Monthly Archives: February 2013

Spanish (Iced) Coffee: Mixology Monday LXX

I had this great idea for an inverted cocktail after reading the Mixology Monday announcement.  Unfortunately, it didn’t work out quite the way I’d hoped, but I didn’t have to walk away empty handed.

Putney Farm, the gracious host of this month’s mxmologodecided to challenge everyone with inverting a classic cocktail or at least something to that effect.  Here’s what they said:

A while ago, while researching Julia Child’s recipes, we noticed that she was well-known for enjoying “upside-down” or “inverted” Martinis. This is a version of the classic cocktail that swaps the ratios of gin and vermouth, turning the Martini into something of a “long drink”… We wondered if we could apply the same “inverted” approach to Mixology Monday and, at first, didn’t think it would work. But then we asked ourselves, what does “inverted” really mean? Well, here is the definition, “To turn inside out or upside down; to reverse the position, order, or condition of.” Hmm…it appears that the definition is pretty broad. It seems that “inverted” really just means something “flipped on its head”. And that can mean almost anything, and leaves plenty of room for creativity… You can invert the ratios of spirits, liqueurs or bitters in a cocktail, but we suggest you go beyond that and “invert” whatever you want. Spirits, name, ingredients, proof, color, geography, garnish and glassware are all fair game.  An apéritif made with Navy-Strength booze? Give it a try. A beer-based cocktail that tastes like champagne? Sure. A clear Manhattan? Worth a shot (and good luck with that). The only thing we expect is the unexpected. Have fun.

The Booze

The Booze

I pondered it for a minute and then had the idea of inverting the Spanish Coffee recipe from Huber’s Café in Portland, OR.  I ran across this recipe on the Imbibe website while researching coffee cocktails.  I had been working on cold brewed coffee / tea in cocktails project recently (more on that in a future post.)  Remembering the Spanish Coffee, I decided I would swap out the hot brewed coffee with the cold brewed.  Since the cold brew is concentrated, I figured I could invert the amounts of coffee and rum.  Three ounces of rum is a fair bit and at 151 proof seemed dangerous.  Well, that wouldn’t really stop me, but I had a couple types of rum available in my arsenal, but not 151 so figured I would balance the increased volume with a lower proof spirit aka use what I had.  That and lighting it on fire should allow for a pleasant, but not overly boozy cocktail.  The fireworks, in blue blazer style, would serve several purposes – it would burn off excess alcohol, heat the cold brewed coffee, and be theatrical!  

Putting a Flame to Rum

Putting a Flame to Rum

I started the week before by brewing up some coffee liqueur.  This time, I started by cold brewing a nice medium roasted Guatemalan coffee.  Then, I made a simple syrup with Turbinado sugar.  Once the sugar was all dissolved in the water, I let it simmer for a bit before adding in the coffee concentrate.  Over lowish heat, I reduced the coffee and sugar syrup together by a third to a half careful not to boil or even vigorously simmer the liquid.  Just kept it steaming. Took about an hour.  When it had reached a consistency that I liked, I turned off the heat and let it cool to room temperature.  I then filtered it into a bottle through a fine mesh strainer, added the rum and half of a vanilla bean split lengthwise.  Gave it a little shake and refrigerated it for a week.  This liqueur turned out much better than the last time I made my own.  I do, however, have a few tweaks for next time, but this is not a coffee liqueur post, so, on with the cocktail!

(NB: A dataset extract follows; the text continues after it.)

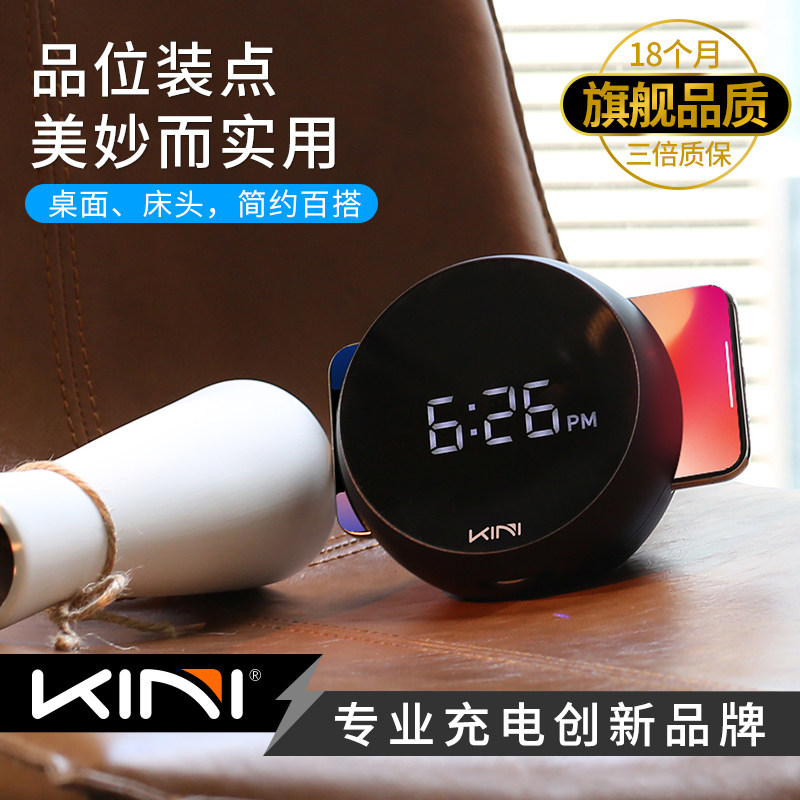 Kini Creative Multifunction Electronic Clock Wireless Charger iPhone13 Quick charging alarm clock 10W bedside desktop applicable Huawei 12 Xiaomi Samsung OPPO Apple X11Pro mobile phone

It was all ready to go.  I cold brewed again, this time a natural processed Ethiopian Yirgacheffe bursting with dark berry and chocolate notes.  I had it in a mug with the coffee liqueur.  In the other mug was the 2.5 ounces of Pyrat rum.  The idea was to light the rum on fire and pour it into the coffee/liqueur mixture which would start to burn the rum in the liqueur.  Pour it all back into the other mug and then pour back and forth in a stream of blue flame a couple more times to mix and heat the drink.  Finally, pouring it all into a sugar rimmed glass swirling the burning liquid to lightly caramelize the sugar and then, douse with the curacao.

All Ready to Go

All Ready to Go

Didn’t happen.  Couldn’t get the 80 proof rum to ignite.  Go figure.  Okay well maybe if I added a half ounce of 100 proof Captain Morgan.  Nope.  Still no fire. Okay, okay… What if it was just the 100 proof?  Nothing.  Match after long match.  No fire.  A tiny blue flare up that disappeared before you even realized it happened, sure, but no stream of blueish flaming booze.  Not sure why, at this point.

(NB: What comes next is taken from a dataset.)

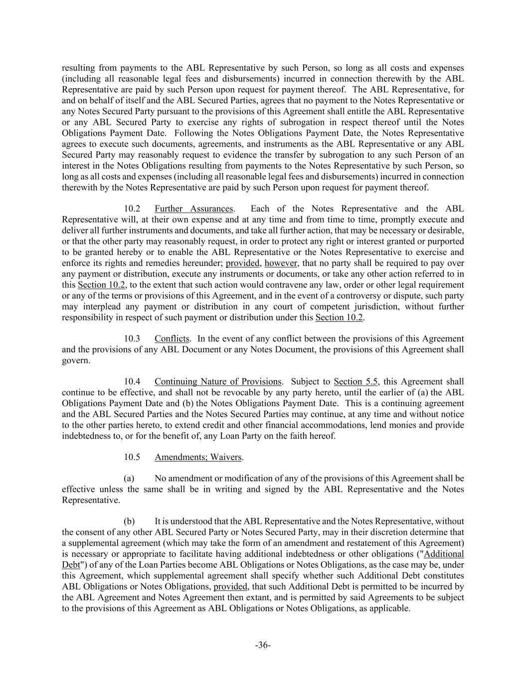 -36- resulting from payments to the ABL Representative by such Person, so long as all costs and expenses (including all reasonable legal fees and disbursements) incurred in connection therewith by the ABL Representative are paid by such Person upon request for payment thereof. The ABL Representative, for and on behalf of itself and the ABL Secured Parties, agrees that no payment to the Notes Representative or any Notes Secured Party pursuant to the provisions of this Agreement shall entitle the ABL Representative or any ABL Secured Party to exercise any rights of subrogation in respect thereof until the Notes Obligations Payment Date. Following the Notes Obligations Payment Date, the Notes Representative agrees to execute such documents, agreements, and instruments as the ABL Representative or any ABL Secured Party may reasonably request to evidence the transfer by subrogation to any such Person of an interest in the Notes Obligations resulting from payments to the Notes Representative by such Person, so long as all costs and expenses (including all reasonable legal fees and disbursements) incurred in connection therewith by the Notes Representative are paid by such Person upon request for payment thereof. 10.2 Further Assurances. Each of the Notes Representative and the ABL Representative will, at their own expense and at any time and from time to time, promptly execute and deliver all further instruments and documents, and take all further action, that may be necessary or desirable, or that the other party may reasonably request, in order to protect any right or interest granted or purported to be granted hereby or to enable the ABL Representative or the Notes Representative to exercise and enforce its rights and remedies hereunder; provided, however, that no party shall be required to pay over any payment or distribution, execute any instruments or documents, or take any other action referred to in this Section 10.2, to the extent that such action would contravene any law, order or other legal requirement or any of the terms or provisions of this Agreement, and in the event of a controversy or dispute, such party may interplead any payment or distribution in any court of competent jurisdiction, without further responsibility in respect of such payment or distribution under this Section 10.2. 10.3 Conflicts. In the event of any conflict between the provisions of this Agreement and the provisions of any ABL Document or any Notes Document, the provisions of this Agreement shall govern. 10.4 Continuing Nature of Provisions. Subject to Section 5.5, this Agreement shall continue to be effective, and shall not be revocable by any party hereto, until the earlier of (a) the ABL Obligations Payment Date and (b) the Notes Obligations Payment Date. This is a continuing agreement and the ABL Secured Parties and the Notes Secured Parties may continue, at any time and without notice to the other parties hereto, to extend credit and other financial accommodations, lend monies and provide indebtedness to, or for the benefit of, any Loan Party on the faith hereof. 10.5 Amendments; Waivers. (a) No amendment or modification of any of the provisions of this Agreement shall be effective unless the same shall be in writing and signed by the ABL Representative and the Notes Representative. (b) It is understood that the ABL Representative and the Notes Representative, without the consent of any other ABL Secured Party or Notes Secured Party, may in their discretion determine that a supplemental agreement (which may take the form of an amendment and restatement of this Agreement) is necessary or appropriate to facilitate having additional indebtedness or other obligations ("Additional Debt") of any of the Loan Parties become ABL Obligations or Notes Obligations, as the case may be, under this Agreement, which supplemental agreement shall specify whether such Additional Debt constitutes ABL Obligations or Notes Obligations, provided, that such Additional Debt is permitted to be incurred by the ABL Agreement and Notes Agreement then extant, and is permitted by said Agreements to be subject to the provisions of this Agreement as ABL Obligations or Notes Obligations, as applicable.

Well, if it doesn’t want to light on fire, fine.  Spanish coffee is typically served hot so, I’ll invert that and serve it iced.  Take that, amazingly non-flammable alcohol.

Shaken not Flamin'

Shaken not Flamin’

Shaken together with ice those ingredients provided a delicious, frothy cocktail.  One which I would have no issue consuming…I just better not have much planned for the rest of the day.  It was a boozy concoction.   Almost went with that, but there was this nagging.  I knew it could be better.  What if I inverted the inversion?  Bring it back to the original ingredient quantities?  I gave it a go.  It was the weekend so why not.

Spanish (Iced) Coffee

1 ounce Rum (I used Pyrat)

1/2 ounce Curacao

2 ounces Coffee Liqueur

3 ounces Cold Brewed Coffee Concentrate (Nat. Ethiopian Yirgacheffee Gelana Abaya)

Fresh grated Nutmeg for garnish

Sugar Rim

Sugar Rim

Shake, with some vigor, the above ingredients together with ice.  Strain into a small snifter glass, run the rim with a bit of lemon and sugar it.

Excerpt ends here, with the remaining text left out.